Sí, cien por cien. El privilegio es evidente. Lo sé porque me hicieron muchísimo bullying, tanto en el colegio como en el instituto, solo porque era negra. También es verdad que yo me “dejaba” porque mi personalidad no me permitía responder con nada, ya que pensaba “Sí, soy negra. Yo también lo sé y yo también lo odio”. 

¿Qué esperas que consiga esta canción?

Escribí Pantera para sanarme a mí y para acompañar a todos los que se sientan como yo me sentía, para que puedan meterse en Internet y escuchar una historia que es la suya. Y que está en español y es en España.

Justamente, en la actualidad en España está habiendo una gran producción cultural de artistas negros que vienen a decir que efectivamente estamos en un país donde hay racismo. 

Yo creo que la cultura es la vía más fácil para abrir la mente, sobre todo ahora en un mundo de pandemia donde no se puede viajar. Las cosas entran de otra manera cuando son a través de la música y cuando puedes ver el alma de las personas a través de su arte.

“He conseguido ser lo suficientemente valiente como para escribir sobre las partes más vulnerables de mí”

Ahora que lleva unos días fuera, ¿cómo ha sido la recepción de Pantera?

Muy buena. Humildemente, antes de sacarla ya sabía que a la gente le iba a gustar, porque confiaba muchísimo en el producto y en el proyecto. Pero me ha sorprendido toda la avalancha de amor, porque además no es desde un “Ay, qué guay”, sino es de verdad. Hay gente que me da las gracias por contar su historia y me dice que es lo que necesitaba, y todo eso a mí me llena.
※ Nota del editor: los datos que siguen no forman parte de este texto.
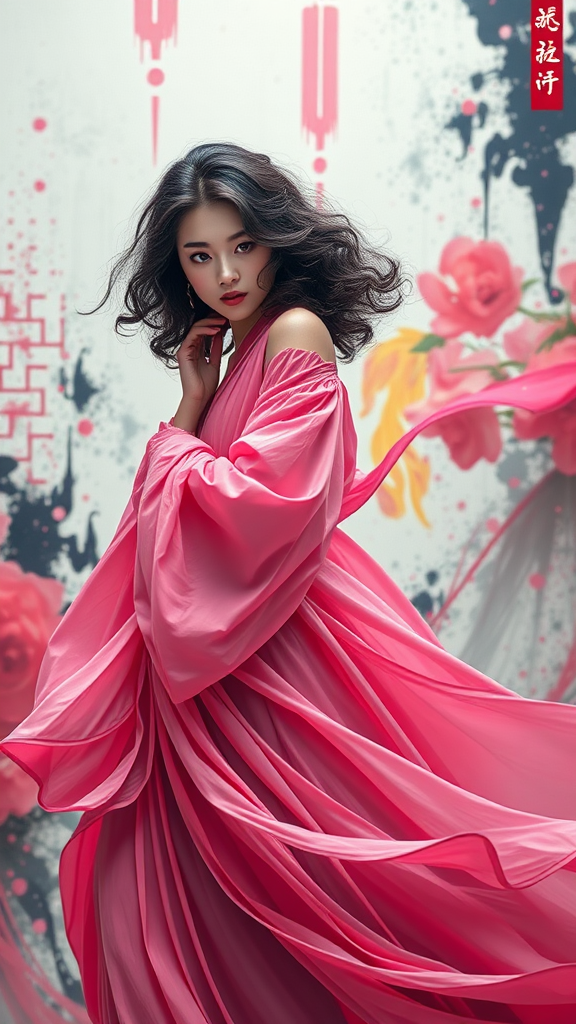 Erjie, a girl gracefully poised in a fluid motion, dressed in a loose, flowing pink gown, her expression mysterious and captivating, with curly black and pink hair, set against a modern and abstract backdrop. Bold and colorful abstract art surrounds her, with a blurred background enhancing the bright lighting. Depicted in a style reminiscent of official art, like a unity 8k wallpaper, she is adorned in intricate attire inspired by zhongfenghua, offering an extremely detailed appearance. The scene captures a dynamic angle, embodying the most beautiful form of chaos, blending elegance with brutalist design. Vivid colors and elements of romanticism are interwoven throughout, creating a masterpiece of visual intrigue.

Grabar el videoclip ha sido increíble por encontrar a niñas de siete años que han tenido las mismas experiencias que yo, que tengo 24. Dejando de lado que es mío, por ellas, le recomiendo a todo el mundo que lo vaya a ver.

Teyou y Carlos Jean

Teyou en camerunés significa “trabaja todo lo que puedas para conseguir tus objetivos”. ¿Qué objetivos dirías que has conseguido como artista y cuáles te faltan?

He conseguido ser lo suficientemente valiente como para escribir sobre las partes más vulnerables de mí y he superado el miedo a sacarlas y compartirlas. Y como objetivo futuro, me gustaría crear algo grande. Un proyecto, a nivel musical y audiovisual, que sea una especie de crisol de disciplinas.

¿Y más a corto plazo?
Mi EP. Tengo otro tema, que es la cara B de Pantera que saldrá pronto. Estos dos junto a otro tercer tema compondrán el EP, que contará la transición entre cómo pasé de odiarme a quererme.